The basic idea behind cloud migration was to lower operating costs and remove the need for dedicated on-premises services.
As it turns out, in 2025 that trend is reversing somewhat. While public cloud adoption has dominated enterprise IT strategy for the past decade, new data suggests the pendulum may be swinging toward a more nuanced, workload-specific approach to infrastructure planning.
A recent survey from Liquid Web of 1,000+ IT professionals reveals significant gaps between cloud marketing promises and operational realities. The data indicates that many organizations are reassessing their infrastructure strategies based on actual production experience rather than theoretical benefits.
Key Survey Findings
The Liquid Web survey revealed the following trends:
86% of IT professionals currently use dedicated servers in their infrastructure stack.
55% cite full control/customization as the primary driver for choosing dedicated over cloud.
53% view dedicated servers as essential for their current operations.
45% expect dedicated server importance to grow by 2030.
“The greatest surprise was that 42% of IT pros said they were migrating workloads back from public cloud to dedicated servers,” Ryan MacDonald, chief technology officer at Liquid Web, told ITPro Today. “This large-scale reversal clearly indicates that cloud isn’t always the endgame for infrastructure.”
Why IT Teams Are Abandoning the Cloud
The motivations behind this reverse migration are telling.
When asked about their primary reasons for choosing dedicated infrastructure over cloud, 55% of IT professionals cited full control and customization as the top factor. Performance, compliance requirements, and predictable pricing rounded out the primary drivers.
The study provides some clear clues on what is pushing organizations back to dedicated environments.
“We discovered that compliance, variability in performance, and loss of control were the leading drivers of cloud repatriation,” MacDonald said. “Companies dealing with sensitive data, whether for AI, healthcare, or financial systems, came to the realization that shared cloud environments could not satisfy their uptime, security, or audit needs.”
This aligns with the study’s findings about unexpected costs. Nearly half of IT professionals (47%) reported facing surprise expenses related to their infrastructure, with most falling in the $5,000 to $25,000 range. Additionally, 32% believe their organization wastes cloud spending on unused features or excess capacity, a problem that doesn’t exist with dedicated servers’ predictable pricing models.

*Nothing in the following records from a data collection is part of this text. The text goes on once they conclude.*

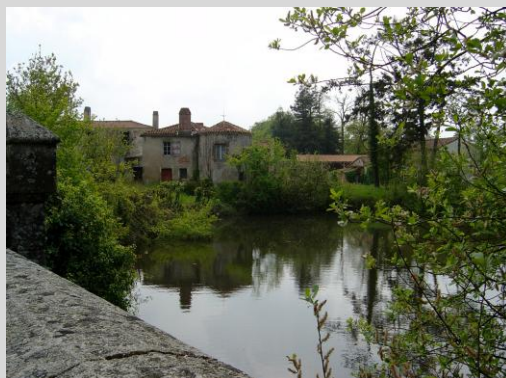
Château de la Burcerie

2°) Louise Victoire Aimée BAUDRY , née à La Boissière-des-Landes le 29 octobre 1767, décédée à St-Georges-de-Pointindoux le 9 janvier 1832. Elle avait épousé à Poiroux le 2 brumaire an VII (23 octobre 1798), Gilles MERCIER-COLOMBIÈRE , baptisé aux Sables d'Olonne le 17 mars 1767, avocat, arrêté pour ses imprudences de langage et libéré le 8 mai 1793, mais réincarcéré le 18 juillet suivant en même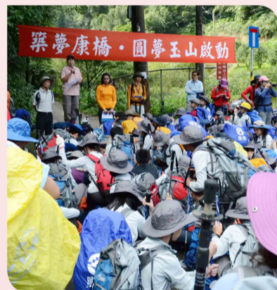
▲ 登玉山：增加人生顛峰經驗

康橋的教育理念是透過學校、班級所安排的各類型團體行事活動，讓孩子在團體活動中感覺歸屬感，獲得滿足，並享受成就；繼而引發行為的自發性、思考的自主性、與人相處的協調性，最後培養「有個性、能自立」的個人。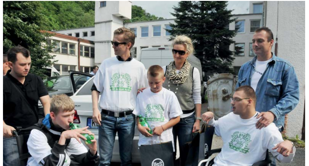
Podujatia Rally Opatovská sa každoročne zúčastňujú viacerí manažéri U. S. Steel Košice.

že sa akosi priblížili. Už nie sú ďaleko, sú blízko. Čo pre nás znamená spolupráca s fabrikou? Možnosť pre naše deti objavovať svet a život aj mimo malého Podolínce. Možnosť zažiť to, čo by sme u nás nikdy nezažili. Možnosť stretnúť vzácných ľudí. Spolupráca s ľuďmi z U. S. Steel Košice pred nás kladie nové výzvy, posúva našu prácu do iného levelu, núti nás vyburcovať naše často skryté možnosti. Budem rád, ak táto spolupráca bude pokračovať, lebo buduje ľudí a vytvára mosty. Za tie roky som stretol veľa ľudí z U. S. Steel Košice a v mene našich de-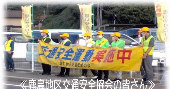
《鹿島地区交通安全協会の皆さん》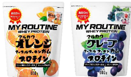
マイルーティーン マルカワ フーセンガム風味プロテイン (左：オレンジ、右：グレープ)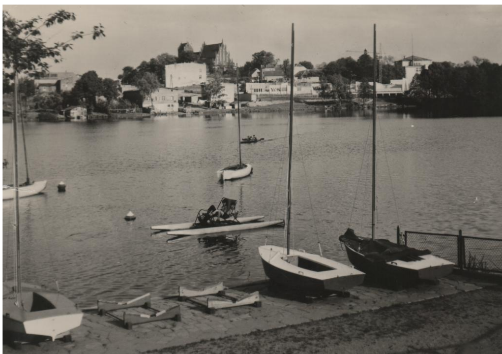
Centrum Iławy z perspektywy brzegu Jezioraka

II wojna światowa zniszczyła miasto w prawie 80%, a jego zabytkowe centrum w 43%. Ubytki mieszkaniowe rekompensowano w latach sześćdziesiątych przez budowę bloków spółdzielczych oraz rozbudowę wspomnianych wcześniej osiedli w rejonie ul. Kwidzyńskiej, Grudziądzkiej, Chełmińskiej i Gdańskiej, u południowych brzegów Małego Jezioraka. Duże osiedle spółdzielcze zlokalizowano jeszcze dalej na południe, w obrębie ul. Wiejskiej i 1 Maja, czyli tzw. Osiedle Podleśne oraz podobne w obrębie ul. 1 Maja, Wiejskiej, Smolki i Andersa, zwane Osiedlem Trzydziestolecia. Znacznie rozbudowano zapoczątkowane przed wojną osiedle przy szosie ostródzkiej w obrębie ul. Ostródzkiej, Rolnej i Owocowej. Nowe osiedle, tzw. Lipowy Dwór, powstało w miejscu dawnej wsi o tej nazwie, na północ poza Iławką, w przedłużeniu ul. Dąbrowskiego w kierunku na Boreczno. Niewielkie osiedle domków zlokalizowano pomiędzy dawnym cmentarzem ewangelickim a torami kolejowymi, w pobliżu Jeziora Iławskiego. Tym nowym inwestycjom towarzyszyła widoczna dbałość o rewaloryzację lub nawet rekonstrukcję starej, cennej substancji, z dawnym ratuszem na czele.

The Communication Challenge
One of the study’s most concerning findings relates to organizational alignment. Seventy percent of IT professionals believe executive leadership underestimates the role dedicated servers play in modern tech stacks, while 31% don’t feel confident explaining infrastructure choices to nontechnical leadership.
The dedicated servers driving the reverse migration aren’t the cumbersome, inflexible systems of the past.
“Today’s dedicated servers aren’t what they once were,” MacDonald said. “Thanks to innovations such as bare metal automation, hybrid orchestration, and composable infrastructure, dedicated environments now provide cloud-like agility with enterprise-level control.”
This modernization addresses one of the study’s key findings about improvement priorities. When asked what they’d most like to enhance about dedicated servers, 25% of respondents pointed to easier scaling, which historically is a major advantage of cloud platforms.
Smart Economics: When Dedicated Makes Financial Sense
The cost equation between cloud and dedicated infrastructure is more nuanced than many organizations realize.
“One of the most effective ways is to know workload fit,” MacDonald said. “Dedicated servers provide predictable pricing and no overage fees or underutilized capacity, thus making them a better long-term investment for stable or compliance-driven workloads.”
The study supports this perspective, with 32% of respondents agreeing that their cloud infrastructure budget is wasted on underused features and excess capacity.
Far from being a legacy technology, dedicated servers appear positioned for growth. More than half of IT professionals (53%) still consider dedicated servers essential, and 45% believe their importance will increase by 2030. Only 13% view them as a dying technology.